The WinWord filter (koffice/filters/olefilters/winword) is in a very
early stage, but if I have some time in the next weeks it should be able
to import simple formatted text (i.e. bold, italic, chapters, headlines,
tables,...). If you need information on the structure, just ask me.

The main problem is that it's quite difficult to get (correct)
documentation. Have a look at http://msdn.microsoft.com/ - AFAIK there is
some info. If you can't find it there http://www.wotsit.org might help.

There is also some "inspiration" out there (the wv-library from Caolan
McNamara, http://skynet.csn.ul.ie/~caolan)

The Excel filter is developed by Percy Leonhardt (percy@linuxfreak.com).
This filter is quite usable because Excel uses simple records to store
the information. Therefore you just leave the unknown records out and
decode the important ones. IMHO it's very easy to join Percy because
the records are quite independant so more people can work on that at
the same time.

The Powerpoint filter is just a template at the moment, but I think
this filter is not *that* important right now.

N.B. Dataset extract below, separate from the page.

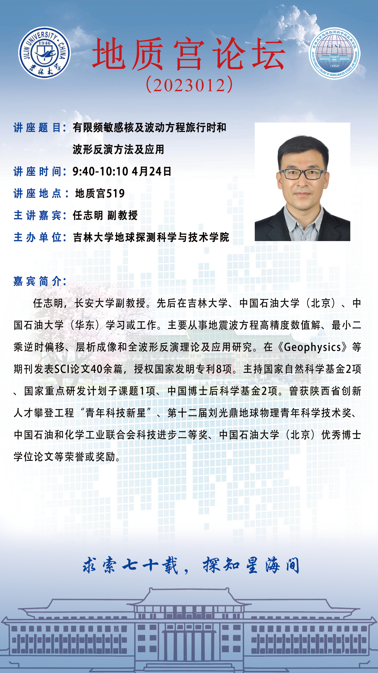 地学70周年·永利yl23411·地质宫论坛(2023012)—长安大学任志明副教授学术报告

A very important non M$ filter is RTF import/export. Maybe you want
to start developing that. Note: IIRC someone already started a RTF
import filter - please ask on the KOffice mailinglist!

If you have some code you want to check in, questions, suggestions,
flames,... feel free to mail.

Have fun,
Werner
######################################################################
["kword.xml.spec" (text/plain)]

-------------------------------------------------------------------------------
-                                                                             -
-  KWord - XML File Format Description v0.0.3                                 -
-                                                                             -
-  by Werner, wtrobin@carinthia.com - last changes: 19.09.99                  -
-  Please be so kind to report all the errors, typos,... you'll surely find!  -
-  Beware: The KWord-format is moving quite fast these days (thanks to        -
-          Reggie for his great work) so some information might be outdated!  -
-------------------------------------------------------------------------------


The KWord file format is a (more or less :) human-readable XML format. This 
means it consists of HTML-like tags which define the document structure and
the contents. The main structure of each KWord document is a header and a body.
In the header-part things like the paper size, the author,... are stored.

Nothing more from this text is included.